Open songhan89 opened this issue 8 months ago • 1 comments

Hi,

I noticed that there is a significant difference in speed lazy loading the ERA5 zarr v3 data from Google. Just curious to know why is there such a big difference ?

Loading with Dask

This took <2 min to load

ds = xr.open_zarr(
    'gs://gcp-public-data-arco-era5/ar/full_37-1h-0p25deg-chunk-1.zarr-v3',
    consolidated=False, 
    chunks={}, 
    storage_options=dict(token='anon')
)

Loading with Cubed executor

This took 6 min to load.

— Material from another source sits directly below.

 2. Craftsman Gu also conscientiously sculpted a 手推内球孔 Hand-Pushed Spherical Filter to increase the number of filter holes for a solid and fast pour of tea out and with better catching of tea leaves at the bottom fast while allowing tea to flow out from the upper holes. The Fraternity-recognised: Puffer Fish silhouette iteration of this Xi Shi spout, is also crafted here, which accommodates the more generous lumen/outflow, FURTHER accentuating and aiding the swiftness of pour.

I tried the same with Spark Executor as well and result was the same.


spec_local = cubed.Spec(
    executor='processes',
    work_dir='/tmp/',
    allowed_mem="4GB"
)

ds = xr.open_zarr(
    'gs://gcp-public-data-arco-era5/ar/full_37-1h-0p25deg-chunk-1.zarr-v3',
    consolidated=False, 
    chunks={}, 
    chunked_array_type="cubed",
    from_array_kwargs={'spec': spec_local},
    storage_options=dict(token='anon')
)

Apr 19 '25 16:04 songhan89

Thank for opening this issue @songhan89. It's not immediately obvious why this is slower - it will need a bit of investigation.

Apr 21 '25 14:04 tomwhite